I just poured ingots -- long ones so I wouldn't mix it up with my other stock in muffins.

(http://www.vtsteam.com/Casting/AluminumCopperExperiment2.jpg)

Hi Seadog, welcome aboard! :beer: Yes it sure did dissolve easily after all.

Rob, I haven't tried machining it yet, but will. I did snap one of the thinner ingots in half in the vise with a big hammer. It definitely breaks rather than bends. It feels hard, and rings hard. But it isn't any harder than a piece of 6061 I tried scratching it on. Also, no harder than a cast aluminum part on my Gingery lathe (pure melted pistons). Not s hard as zamak za-2. But it did scratch some of my newer stock of ingots (also pistons). Not much harder than them, though. I'm guessing the difference may be due to aging of the castings and 6061, possibly making them harder, while the newer ingots were scratched.

Anyway, not a big improvement in hardness. Nevertheless just handling it, it seems hard and tough -- just a subjective impression. I don't know why that is.

It saws readily with a hacksaw. No tendency to smooth over or gum up.

It files easily, and again seems harder under the file subjectively.
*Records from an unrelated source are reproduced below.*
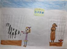 Рисунок Ксении Андаевой основан на рассказе «Злая Галя». Это рассказ о злой девочке, которая дразнила животных в зоосаде, но слон смог ее наказать. А как? Прочти рассказ Е.И. Чарушина.
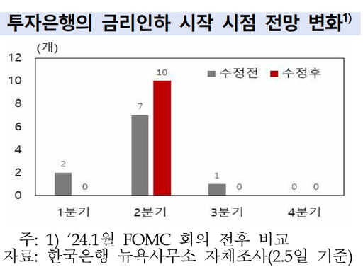 한은 뉴욕사무소가 공개한 '최근 미국경제 상황과 평가' 보고서에 따르면 글로벌 투자은행(IB) 10곳은 올 2분기 기준금리 인하가 시작될 것으로 전망했다. 인플레이션 목표(2%)가 달성됐다는 확신이 들때까지 현 수준의 기준금리(5.25~5.50%)를 유지할 수 있다는 것이다.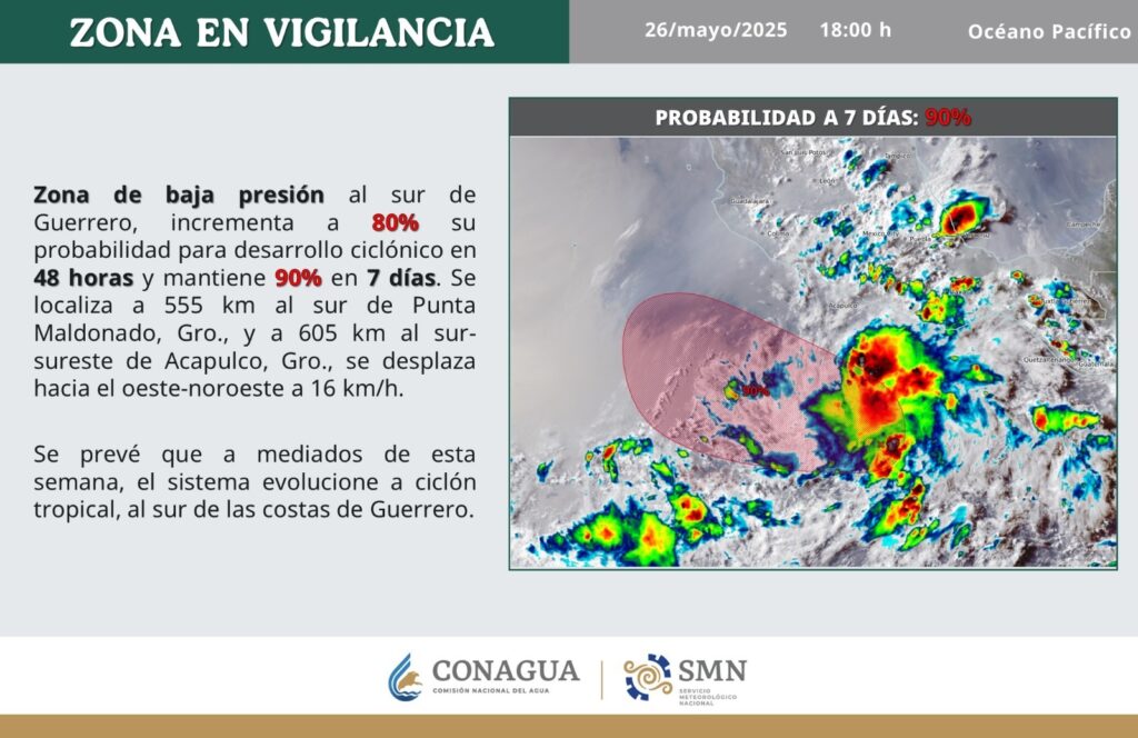 Oaxaca de Juárez, Oax. 26 de mayo de 2025.- La Coordinación Estatal de Protección Civil y Gestión de Riesgos (CEPCyGR) informa que, una zona de baja presión localizada al sur de las costas de Guerrero ha incrementado su probabilidad de desarrollo ciclónico a 80 por ciento en las próximas 48 horas y aumenta a un 90 por ciento en los próximos 7 días.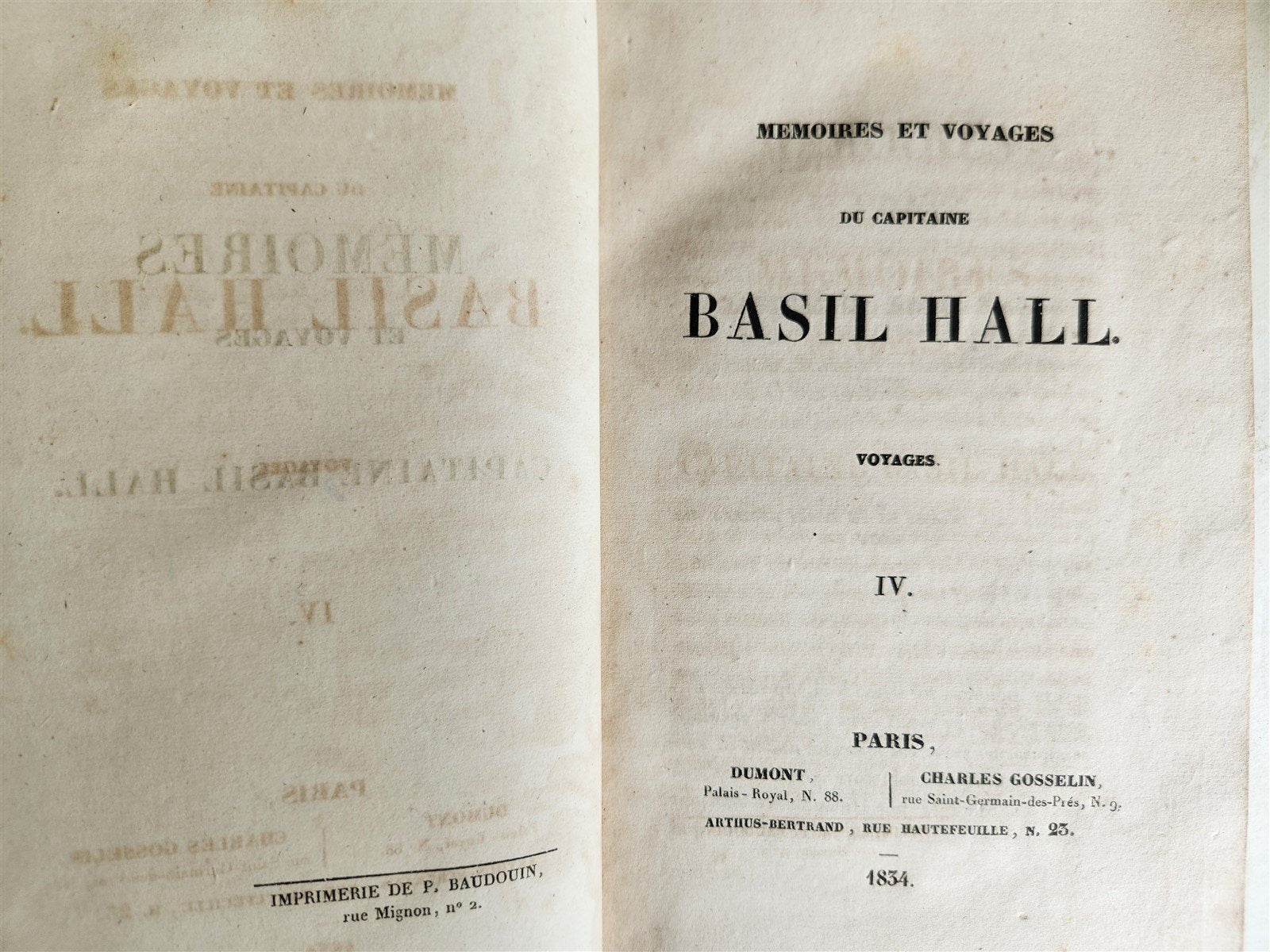 1834 MEMOIRES & VOYAGES of CAPTAIN BASIL HALL antique 4 VOLUMES w/ provenance

Unfortunately I can't compare it to my other cast aluminum for strength and brittleness, since I don't have a similar section in those others for the vise break test. I did try some 6061 of similar thickness which seemed much tougher. But it's a good tempered extrusion alloy compared to cast, so that wasn't unexpected. The big question is, is this a better casting mix than just straight pistons?
Title: Re: Aluminum Copper Alloy Experiment
Post by: vtsteam on May 18, 2015, 03:16:39 PM
Here's a reference:

http://www.aluminium.matter.org.uk/aluselect/11_castmech_browse.asp
http://www.aluminium.matter.org.uk/aluselect/13_cast_comp.asp

I was shooting for something a little like EN AC-45000

I guess unless tempered, the properties are not a whole lot different than other sand casting alloys, from the looks of it.
Title: Re: Aluminum Copper Alloy Experiment
Post by: vtsteam on May 18, 2015, 03:27:26 PM
Here's a sawn end and a broken end:

(http://www.vtsteam.com/Casting/AluminumCopperExperiment3.jpg)
Title: Re: Aluminum Copper Alloy Experiment
Post by: awemawson on May 18, 2015, 03:44:27 PM
I last made a copper / silicon / aluminium alloy in quantity when I needed a billet to cnc cut  a new motor front / mounting plate (*) for my 2 HP Bridgeport back at the old place. To get the best out of the alloy I 'solution treated' it, It was an absolute b****r to machine and I never got a good surface finish however it worked like a dream and I'm using it to this day


http://www.bodycote.com/en/services/heat-treatment/solution-and-age/aluminium-alloys.aspx


(* I wanted a low profile 'pancake' motor as I had height constraints, and the only one I could find the previous owner had sawed the shaft and pulley off and used it and the motor front plate to fix a single phase motor on his Bridgeport, so I made a new front end and loctited a new shaft into / onto the remaining stub - amazingly it's never twisted off !)
Title: Re: Aluminum Copper Alloy Experiment
Post by: vtsteam on May 18, 2015, 03:57:38 PM
Intresting Andrew -- how much copper was in the alloy?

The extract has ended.